Soon turning, as they would regularly do, to another beat, ‘Somebody Got
Murdered’ is the kind of raucous up and at ‘em track that reminds me of ‘Spanish
Bombs’ from London Calling. It concludes with the magnificent reggae anthem ‘One
More Time’ and its accompanying dub version. Remember, the original intention
was to record an album entirely of reggae and dub in Jamaica, and the band
likely achieved that ambition with a string of tracks in the genre. If you look
for one, you’ll find a complete reggae or dub album within these 36 tracks.
And that leads us
to the first side, and the most impressive, with two excellent singles, ‘The
Magnificent Seven’ (clip below), and ‘Hitsville UK’ kicking it off. The former is all New
York, pseudo-rap and souped-up funk. The lyrics appear to be a stream of
consciousness that name-check all manner of historical figures and drops in
lines such as “vacuum cleaner sucks up budgie” at odd points. It’s ostensibly
about the working day, “Ring! Ring! It’s seven a.m.” is the opening holler and
when our wage slave reaches the workplace “minutes drag and the hours jerk”. ‘Hitsville
UK’ meanwhile, features Ellen Foley on main vocals along with Jones in a
diatribe on the hit-making pop factory.
There’s a version
of James Waynes’ 1951 blues cut ‘Junco Partner’, with Strummer back in his
customary position; ‘Ivan Meets G.I. Joe’ is cold war disco, ‘The Leader’
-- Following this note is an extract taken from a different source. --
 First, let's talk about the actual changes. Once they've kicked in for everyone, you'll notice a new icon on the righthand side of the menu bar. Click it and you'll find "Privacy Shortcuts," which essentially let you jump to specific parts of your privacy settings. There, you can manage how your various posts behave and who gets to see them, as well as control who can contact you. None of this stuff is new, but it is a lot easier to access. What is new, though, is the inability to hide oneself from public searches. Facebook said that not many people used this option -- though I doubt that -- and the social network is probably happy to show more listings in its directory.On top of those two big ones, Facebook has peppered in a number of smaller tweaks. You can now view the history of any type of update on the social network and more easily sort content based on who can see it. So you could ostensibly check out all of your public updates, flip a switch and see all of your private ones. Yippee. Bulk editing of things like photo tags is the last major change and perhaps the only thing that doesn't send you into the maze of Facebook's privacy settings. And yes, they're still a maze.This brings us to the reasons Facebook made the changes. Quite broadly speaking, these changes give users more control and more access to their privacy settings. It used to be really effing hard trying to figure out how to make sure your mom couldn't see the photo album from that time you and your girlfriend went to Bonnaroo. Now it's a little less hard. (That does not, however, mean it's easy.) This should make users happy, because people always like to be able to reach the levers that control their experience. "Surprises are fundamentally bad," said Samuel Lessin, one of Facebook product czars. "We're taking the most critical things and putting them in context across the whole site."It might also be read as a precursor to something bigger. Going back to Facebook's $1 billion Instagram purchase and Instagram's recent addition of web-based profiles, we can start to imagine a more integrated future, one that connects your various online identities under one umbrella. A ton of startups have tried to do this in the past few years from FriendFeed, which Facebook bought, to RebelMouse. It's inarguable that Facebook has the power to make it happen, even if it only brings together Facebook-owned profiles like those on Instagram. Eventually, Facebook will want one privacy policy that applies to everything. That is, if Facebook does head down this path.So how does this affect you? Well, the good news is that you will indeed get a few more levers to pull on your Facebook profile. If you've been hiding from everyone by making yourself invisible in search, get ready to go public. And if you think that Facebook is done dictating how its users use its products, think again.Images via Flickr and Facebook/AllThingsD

explores the cult of personality and media sycophancy, all within one minute
and 40 seconds, and ‘Something About England’ begins with plenty of piano and
forlorn signing before Strummer gets into his stride.
You’ll have
noticed I have breezed past some songs (and omitted some completely), but it
would be impossible to delve into them all in great detail. Suffice to say
there’s an enormous sway of styles and ambitions on the six sides, and that’s
not to mention the occasional inter-song dialogues and other experimental
tricks the band get up to.
Sandinista! isn’t,
per se, a bloated album, as some commentators have long suggested. It has its
flaws, of course; it would be virtually impossible for a triple not to dip in
quality at some points. But the flaws are not in the triple album concept, more
in the inclusion of say, half a dozen tracks that there must have been some
ready-made substitutes for. ‘Career Opportunities’ sung by children?? Someone
was having a laugh, but it wasn’t funny. And Tymon Dogg should never have been
let near a microphone, but ‘Lose This Skin’ is his song and he’ll sing if he
wants to.
But, you know,
quite frankly, who gives a jellyfish’s family jewels for these slip ups,
they’re as much a part of the concept as grandad’s missing teeth. And while
there’s a case for, say, having all the dub and alternative versions corralled
into a separate disk released sometime in 1981, this is what we have, and a
little patience and commitment results in a pair of satisfied ears.